Problem description: Write down exactly the lines of the records below, beginning with the first and ending with the line that includes "This command will".

(Beginning of Working data)

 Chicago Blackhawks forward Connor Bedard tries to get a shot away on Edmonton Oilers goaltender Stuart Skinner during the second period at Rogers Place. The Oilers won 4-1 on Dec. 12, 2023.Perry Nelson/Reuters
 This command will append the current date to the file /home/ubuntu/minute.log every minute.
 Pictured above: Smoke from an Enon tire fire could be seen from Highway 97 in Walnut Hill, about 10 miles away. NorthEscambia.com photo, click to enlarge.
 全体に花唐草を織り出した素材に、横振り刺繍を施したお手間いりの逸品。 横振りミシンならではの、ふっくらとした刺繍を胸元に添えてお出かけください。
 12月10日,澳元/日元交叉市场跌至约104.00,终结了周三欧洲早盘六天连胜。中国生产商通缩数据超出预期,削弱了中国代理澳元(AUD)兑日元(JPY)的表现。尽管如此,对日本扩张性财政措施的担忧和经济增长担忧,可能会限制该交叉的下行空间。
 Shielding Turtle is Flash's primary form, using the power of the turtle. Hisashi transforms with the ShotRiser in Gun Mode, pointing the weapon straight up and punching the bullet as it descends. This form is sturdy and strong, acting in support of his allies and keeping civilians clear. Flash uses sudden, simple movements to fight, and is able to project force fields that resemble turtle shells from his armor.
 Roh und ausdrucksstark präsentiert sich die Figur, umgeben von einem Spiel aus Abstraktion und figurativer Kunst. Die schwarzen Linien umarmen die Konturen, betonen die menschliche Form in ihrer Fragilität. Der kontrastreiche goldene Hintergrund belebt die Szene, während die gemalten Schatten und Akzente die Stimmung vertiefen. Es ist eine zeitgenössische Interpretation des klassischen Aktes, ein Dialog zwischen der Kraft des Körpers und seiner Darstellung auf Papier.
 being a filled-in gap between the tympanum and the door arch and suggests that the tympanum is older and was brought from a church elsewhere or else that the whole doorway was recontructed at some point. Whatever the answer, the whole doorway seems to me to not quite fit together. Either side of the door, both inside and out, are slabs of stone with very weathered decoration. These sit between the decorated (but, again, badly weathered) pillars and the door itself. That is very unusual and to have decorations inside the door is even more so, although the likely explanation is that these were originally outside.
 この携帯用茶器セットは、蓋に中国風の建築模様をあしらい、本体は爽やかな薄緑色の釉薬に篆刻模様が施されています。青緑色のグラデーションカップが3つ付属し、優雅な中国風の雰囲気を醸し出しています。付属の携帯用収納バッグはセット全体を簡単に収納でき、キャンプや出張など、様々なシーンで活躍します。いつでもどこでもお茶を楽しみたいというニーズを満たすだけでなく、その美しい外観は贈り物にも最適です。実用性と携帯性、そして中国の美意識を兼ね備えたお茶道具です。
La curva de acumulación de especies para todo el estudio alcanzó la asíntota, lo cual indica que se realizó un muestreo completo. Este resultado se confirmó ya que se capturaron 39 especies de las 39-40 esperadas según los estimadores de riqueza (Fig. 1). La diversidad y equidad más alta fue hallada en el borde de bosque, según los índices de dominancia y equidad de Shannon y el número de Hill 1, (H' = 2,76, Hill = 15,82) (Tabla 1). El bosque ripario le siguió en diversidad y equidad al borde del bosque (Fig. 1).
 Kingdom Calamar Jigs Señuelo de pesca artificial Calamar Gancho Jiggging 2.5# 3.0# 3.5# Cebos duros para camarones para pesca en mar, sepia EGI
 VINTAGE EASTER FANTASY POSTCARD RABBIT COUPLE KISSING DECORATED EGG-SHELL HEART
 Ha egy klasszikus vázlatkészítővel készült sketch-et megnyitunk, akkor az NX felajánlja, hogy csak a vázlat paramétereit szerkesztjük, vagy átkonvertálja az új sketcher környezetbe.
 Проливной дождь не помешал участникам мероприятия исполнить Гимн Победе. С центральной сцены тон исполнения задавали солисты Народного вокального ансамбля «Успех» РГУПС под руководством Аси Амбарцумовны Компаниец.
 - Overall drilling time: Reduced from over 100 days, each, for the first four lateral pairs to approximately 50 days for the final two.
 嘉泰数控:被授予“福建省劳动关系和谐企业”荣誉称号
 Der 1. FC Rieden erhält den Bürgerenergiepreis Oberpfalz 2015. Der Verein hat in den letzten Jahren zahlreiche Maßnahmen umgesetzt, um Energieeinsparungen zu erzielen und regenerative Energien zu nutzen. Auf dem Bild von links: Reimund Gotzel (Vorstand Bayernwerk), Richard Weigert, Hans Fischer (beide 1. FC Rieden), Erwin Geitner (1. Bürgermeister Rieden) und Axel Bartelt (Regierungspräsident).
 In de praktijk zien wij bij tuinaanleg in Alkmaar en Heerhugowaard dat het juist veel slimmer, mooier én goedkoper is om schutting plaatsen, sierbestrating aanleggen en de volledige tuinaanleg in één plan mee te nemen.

(End of Working data)

Response to this task:
 Chicago Blackhawks forward Connor Bedard tries to get a shot away on Edmonton Oilers goaltender Stuart Skinner during the second period at Rogers Place. The Oilers won 4-1 on Dec. 12, 2023.Perry Nelson/Reuters
 This command will append the current date to the file /home/ubuntu/minute.log every minute.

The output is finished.